# Looking for Hi Res Boot Animations



## SplicedX (Jun 15, 2011)

Has anyone found any hi res boot animations to load onto the Nexus 10? Please post any links or files if found. Thanks.


----------



## Mellen_hed (Aug 11, 2011)

I don't reboot my tab enough to worry about seeing the boot ani, but JaeKar has a boot ani thread in the gnex forums. Many hold him in high regard as a boot ani master. Perhaps he'd be willing to help you out?
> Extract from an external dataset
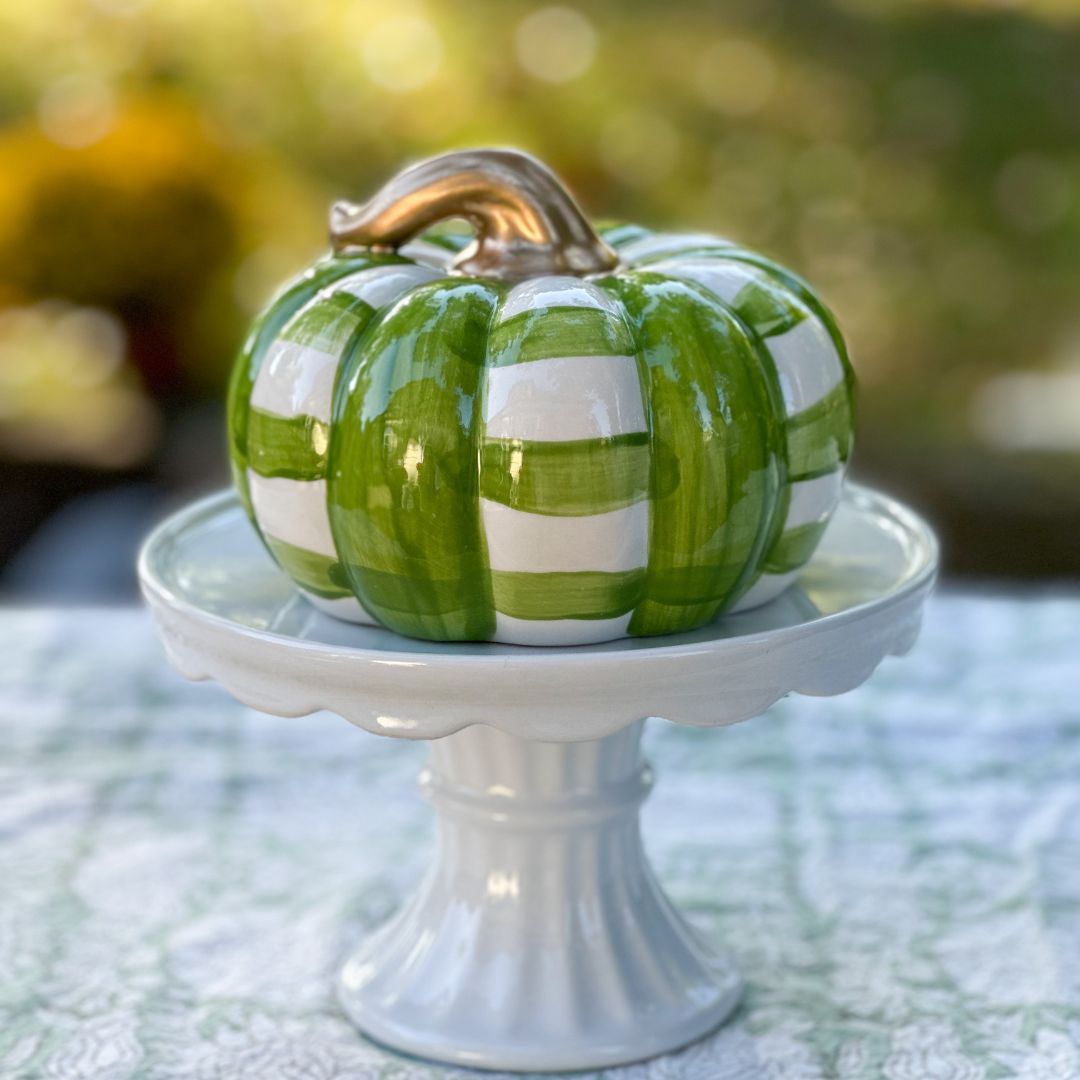 Squatty Grass Green and White Gingham Ceramic Pumpkin

Sent from my Galaxy Nexus using RootzWiki


----------



## JaeKar99 (Aug 2, 2011)

Alright I took the bait...
Here is a tester... Please report back if the animation stops, blacks out, or lags.... It is in a basic flash installer that mounts and installs the bootanimation.zip to system/media. It will replace the original.

Basic Android Waveform...









Full HD no optimization: Download - Big file, may lag, black out or start and stop during boot..
HD 50% optimized: Download - Medium file should run without issue.
LD 50% image compression: Download - Smallest file. Should run but may have some pixel artifacts.


----------



## SplicedX (Jun 15, 2011)

hd works well. a little bit of lag. the only problem I had was with the installer zip. after flashing, cwr prompted me to repair root. then it kept rebooting into cwr. afterwards I manually dropped it into the /system/media


----------



## JaeKar99 (Aug 2, 2011)

Hmmmmm.. Sorry about that... Guess I will opt not to use the installer file.. Guess the question is.. What do you want to see in the form of an animation?


----------



## SplicedX (Jun 15, 2011)

some of my favorites are the blue havoc and liquid havoc found on page 5 of the galaxy nexus boot animation thread. even a BIOS startup would be nice.


----------



## JaeKar99 (Aug 2, 2011)

Give me a day or so and I will start dropping them on here.. I have taken on a project that will slow down a bit.


----------



## SplicedX (Jun 15, 2011)

no rush at all and thank you very much!


----------



## JaeKar99 (Aug 2, 2011)

Here is the Blu Havoc Version (note the original file is 720p).. This is the best I can provide:









|| Download - Note this is NOT a flash file. Download and change the name to bootanimation.zip then copy to desired location.


----------



## JaeKar99 (Aug 2, 2011)

Liquid Havoc did not fair so well.. 720p did not convert as nicely as I thought.. I will start work on some other HD boots for this device...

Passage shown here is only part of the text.